Life was good in a simple and carefree, ‘sandrat,’ beachcomber kind of way.
The house was part of an estate. It had been mostly unoccupied for a decade and poorly maintained longer than that – a recipe for problems in a saltwater environment. We’d seen the house only briefly, six months ago on a visit when we found that it was available. The utility of the house itself was questionable. It needed to be completely rewired. Badly deteriorated insulation hung from heavily corroded lines leading to the nearest power pole. The coolers had been corroded beyond usability by the salt air. There were leaks in the carport’s concrete roof and large chunks of plaster had fallen to the floor. And there were serious structural problems with most of the concrete columns and beams along the sea porch. But the estate would sell it for the price of the land. It seemed like just our kind of place, and we called the lawyer from a pay phone on the street.
We knew the house was only marginally livable when we bought it, so we tried to arrive as prepared as possible. We’d figure the rest out after we got there. We carted the cooler and the camp stove into the house, Carolyn dug out the candles we’d bought in Hermosillo, and we set up housekeeping. We’d be ‘camping out’ inside until we got reconnected to the power grid.
Since we’re not wealthy enough to afford another house (or two, or three) elsewhere, this would be our only home (not counting an REI puptent we keep in our old van). To our eyes, this simple, neglected concrete house was the essence of beauty. The toilet flushed, more or less, and the roof didn’t leak all that much, so we weren’t really roughing out – in the strictest sense of the phrase. And being right on the beach at an affordable price didn’t hurt, either. We’d happily make do with what we had. This next adventure in our lives would be a ‘romantic interlude.’ It’s amazing what you’ll put up with if you just phase it right.

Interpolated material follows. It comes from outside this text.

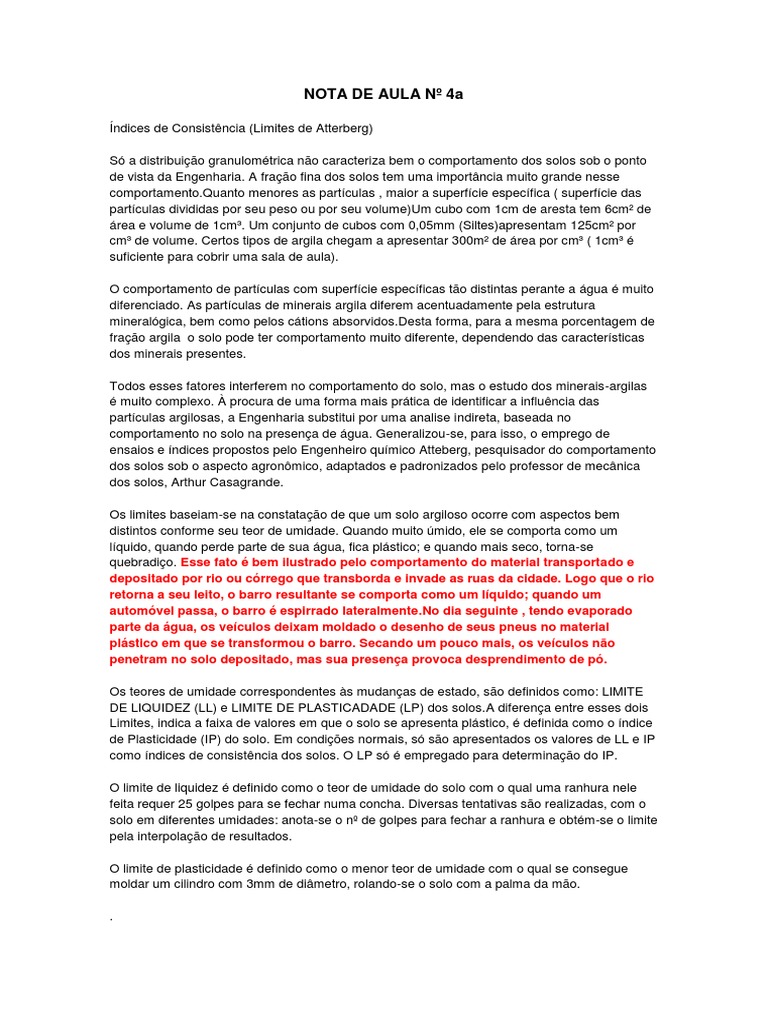Limites, indica a faixa de valores em que o solo se apresenta plstico, definida como o ndice
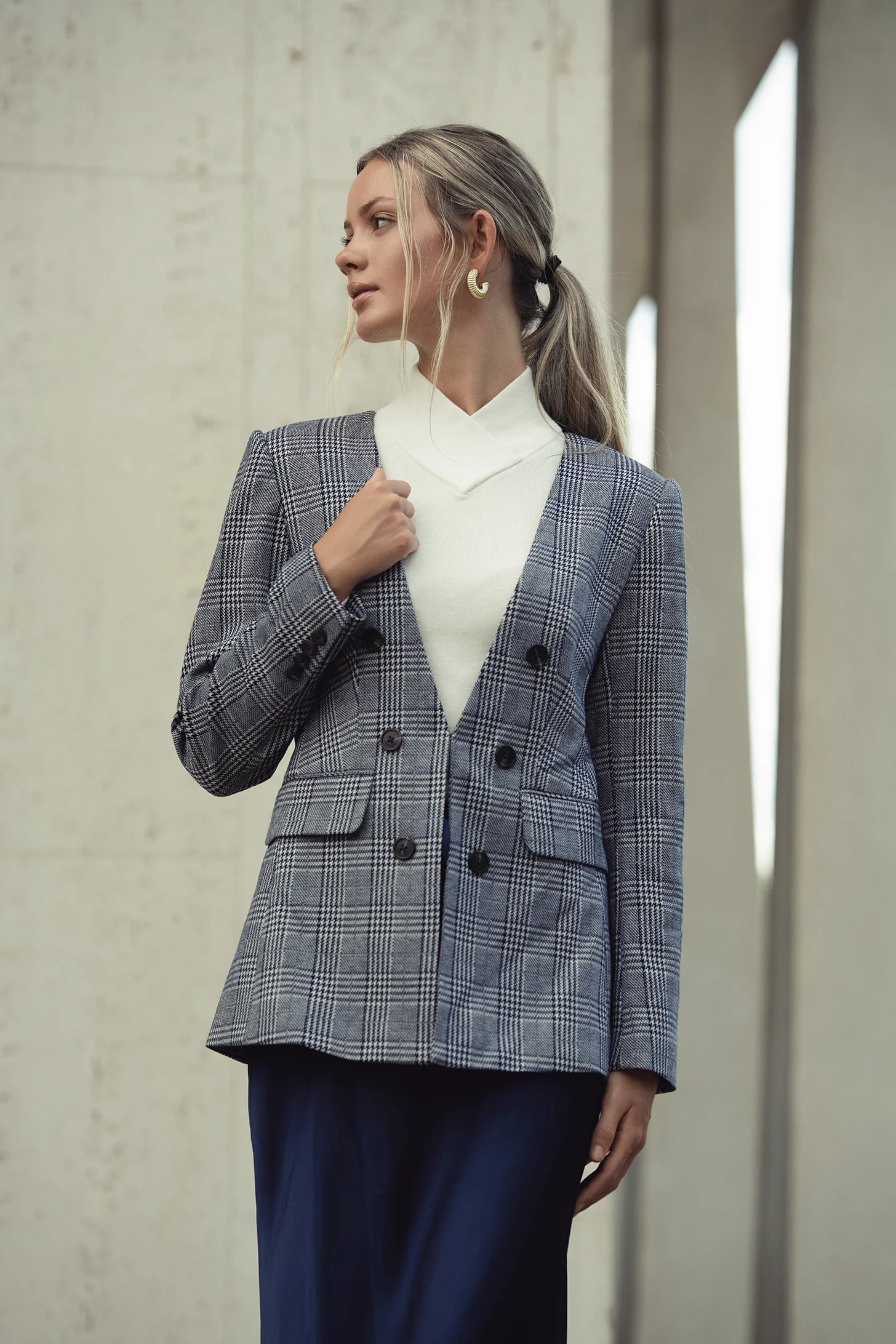 NAVY PLAID BLAZER

There was much to do. Our days were soon filled with activity: arranging for Victor the electrician to work us into his very busy schedule (can you find the fingernail moon in this picture?), for Gordo the welder to fix the ‘reja’ (the large rolling front gate), for Fernando the door man to get our old, corroded sliding glass doors to work and to repair our screens to keep some of the bugs out. We’d sort out the water heater later, but it wasn’t an issue in the heat of summer.

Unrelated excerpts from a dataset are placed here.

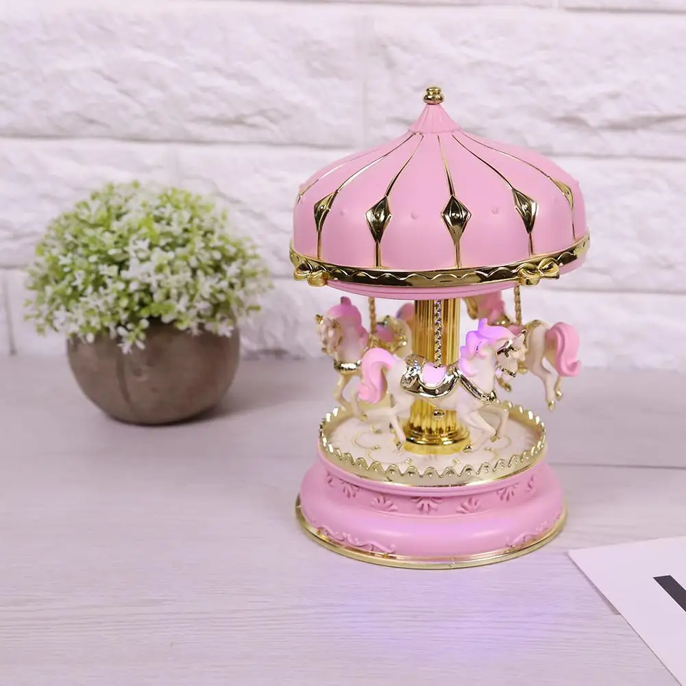 Изготовлен из высококачественного материала, красивый, без запаха и долговечный. Легкий и портативный дизайн, можно разместить на любом месте. Декор и светильник с золотыми краями создают ощущение роскоши, элегантности и снов. Романтическая музыкальная шкатулка, три лошади карусели, можно использовать в качестве подарка, художественного произведения или орнамента. Отличное качество изготовления, отличный подарок для ваших детей, друзей и любимых.
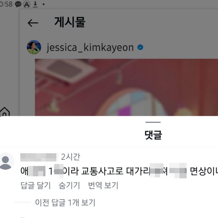 사진은 자신의 개인계정에 달리 악플을 캡처한 모습. 댓글에는 '애새X 1X이라 교통사고로 대가리깨져 X질 면상'라며 악담을 퍼붓고 있다. 이는 김가연은 이날 이재명 더불어민주당 대통령 선거 후보의 충북 충주 유세에 참석해 지지연설을 한 후 달린 것이다.
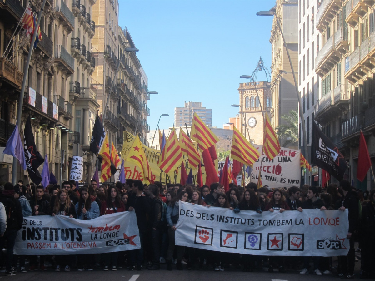 La manifestación, bajo el lema 'Des dels instituts tombem la Lomqe' (Desde los institutos tumbemos la Lomce), ha transcurrido desde la plaza Universitat hasta la plaza Sant Jaume recorriendo el lateral de la Rambla y la calle Ferran.

Eventually we got the house in livable order. Victor installed a higher quality copper supply line and untangled the other wires leading to our house. To our surprise, the very old Admiral refrigerator worked just fine, and so did the old Frigidaire electric stove. And now we even had lights at night (instead of candles), and fans to help move the hot air around a bit. Gordo, an impish grin upon his face, got the reja working. And Fernando made the doors glide as they had when they were new.
We reveled in the luxury of simple gifts.
Now we had a little time to relax, except for long days spent drawing plans to incorporate our latest ideas for remodeling the house – an ongoing process that will continue until concrete is poured for the new footings.
It was time to attend the annual gathering of the “Summer Survivors.” Most of the ‘gringo’ community (maybe the sensible contingent) leaves Kino by June to escape the building heat. The hard core holdouts have a party to make light of the blistering heat of the coming summer – kind of like whistling past the graveyard.
The local Mexican community, by contrast, heads for the beach in large numbers starting with the Easter weekend, one of the biggest holidays of the year. They look forward to summer at the beach to cool off from the heat of Hermosillo, Nogales, and other inland towns. The shore is dotted with encampments, and whole families spend the entire day in the water, followed by laughing and singing around a campfire late into the evening.
The local joke goes like this:
“Where are you staying at the beach this weekend?”
“At the Hotel ‘Camarena (Hotel ‘Sandbed’)!’”
We were there only for the beginning of the summer season, then it was time to leave on a 12,000 mile odyssey across most of the eastern US and up into Canada.